Exercise input:
- - -

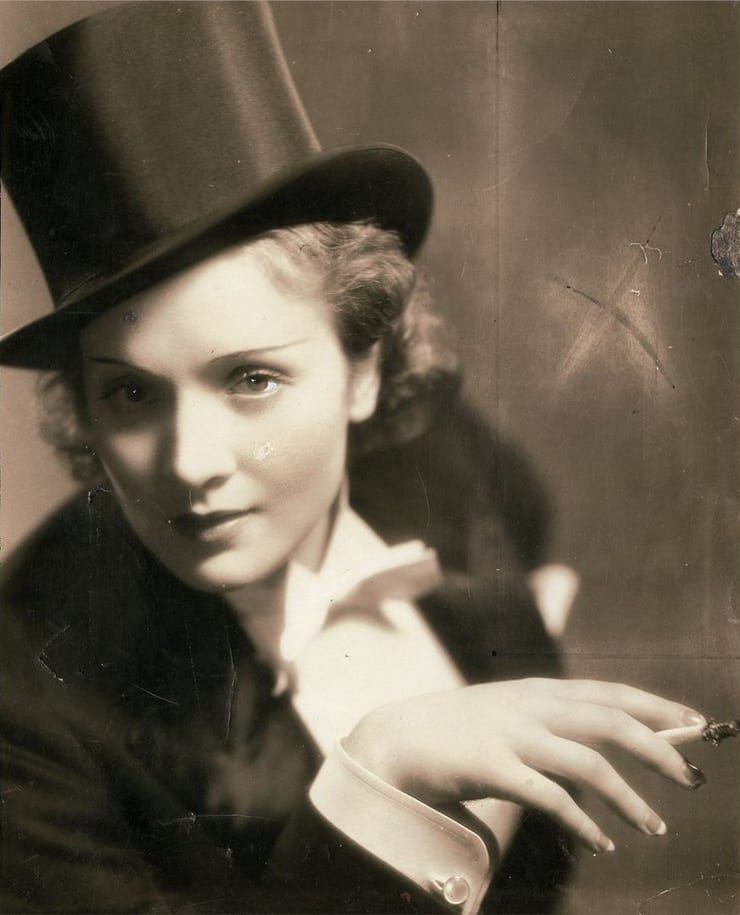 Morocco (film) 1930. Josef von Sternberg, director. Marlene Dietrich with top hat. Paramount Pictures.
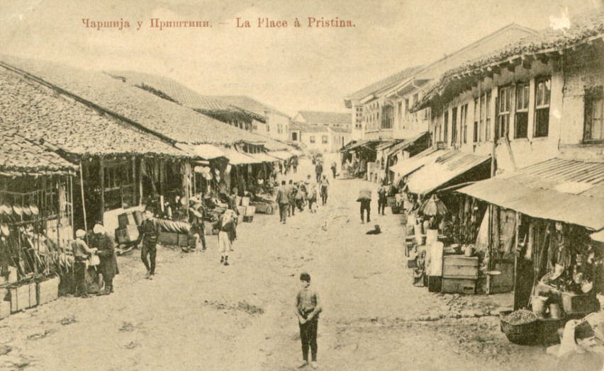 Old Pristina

- - -

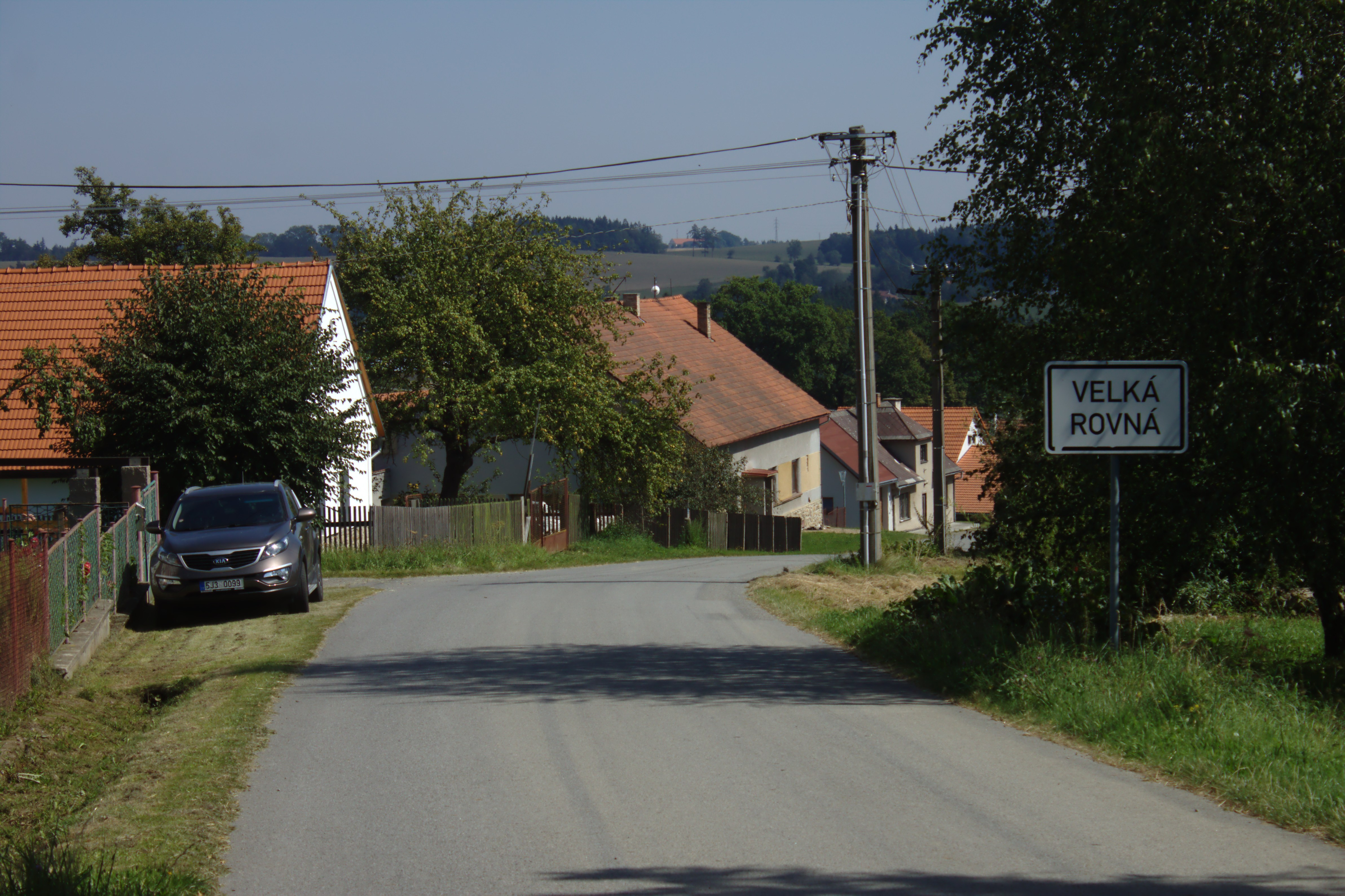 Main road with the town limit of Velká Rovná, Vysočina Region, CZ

- - -

Exercise for the records above: copy only the lines from the one with "Morocco (film) 1930." to the one with "Old Pristina", both ends kept, and drop the pictures.

 Morocco (film) 1930. Josef von Sternberg, director. Marlene Dietrich with top hat. Paramount Pictures.
 Old Pristina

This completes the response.